- The changing nature of photographs in the age of social media
When I was growing up, photos were something that we staged carefully; that we took in small numbers; and that we had to wait a long term to see. They marked specific moments.
Nowadays, we take lots of photos that we can see immediately; we may share one or a handful with others on social media, while the rest linger on our phones or the cloud, never again to be looked at (unless we use software that remind us of photos taken on this day several years ago).
Having just started to use Snapchat, again, recently, as a form of communicating with child 1, who is now at university, I have come to realise that photos can have yet another purpose: as a form of conversation with the teen. Sometimes, they are just the background; other times they are the centre piece. But they are always about the message, not the moment. So, it was with much interest that I came across the book “The Social Photo”, authored by Nathan Jurgenson, a social media theorist who is also a sociologist at Snap (the company behind snapchat). In the book, Jurgenson reflects on how social media have changed the way we take photos, and the way we use photos to see and relate to the world.

This interview captures some of the interesting messages from the book. Regarding how phone cameras and social media have changed photography, Jurgenson notes:
One of the ways social photos are different from traditional photos is the degree to which they are not just about documenting and recording an experience, but about sharing an experience. This can bring more people into a moment.
Here is an example:
If I am exploring a new city and see something that reminds me of a friend, and I snap it to them and we talk about it, that might be a removal from my moment in a geographic sense, but a deeper engagement of that moment in a social sense.
Jurgenson also talks about how the combo of phone cameras and social media have turned photography into a way of talking without words:
The rise of ephemerality and small-group sharing has changed why and how much we share. As I argue in my book, photography has moved from documentation to something that more closely resembles talking.
For example, there’s a cup of coffee next to me right now. It would make for a boring photo by traditional photographic standards. But it would make for a perfectly acceptable social photo, and there are many ways I would snap it: to indicate that I’m at a specific cafe right now in case others want to join, to let someone know that I am still working and writing, or to simply be a canvas on which to play with various filters or augmented reality objects.
The cup of coffee isn’t just something I am documenting and sharing, but something I can speak with. This understanding of the world as something to speak with greatly changes what, when, and why people might “share.”
Though, Jurgenson also says that the metrification of photos on social media platforms (i.e., the likes, views, shares and other metrics) can also control our behaviour:
Metricized platforms encourage seeing yourself, your experiences, and your world not in and of themselves but to be put to work, to be made productive.
If I am using a platform that is centered on metrics and numbers and I travel just to get photos that help me “win,” then the camera and platform are being used against the goal of experience for its own sake.
2. Chatbot conversation designers
Chatbots still have limited capabilities.
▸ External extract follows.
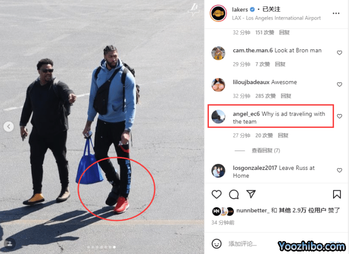 湖人官方晒出众球员登机飞往圣安东尼奥,詹姆斯、威少和浓眉三巨头带队出征,其中浓眉穿着保护靴随队出征,球迷质问湖人:为什么浓眉随队前往客场?

As captured in this post reporting such a discussion at World Summit AI:
“We need to forget the infantile idea of using chatbots for any purpose and rather approach them as a tool for a specific purpose. Interacting with a chatbot is useful when being addressed for a simple task: changing a hotel reservation, booking a flight ticket, ordering food and so on. For now, we can’t just approach a chatbot as we were having a conversation with any other person.”
Still, they (the chatbots, that is) are being deployed in more and more scenarios where there is a high-volume of queries requiring a relatively limited range of answers.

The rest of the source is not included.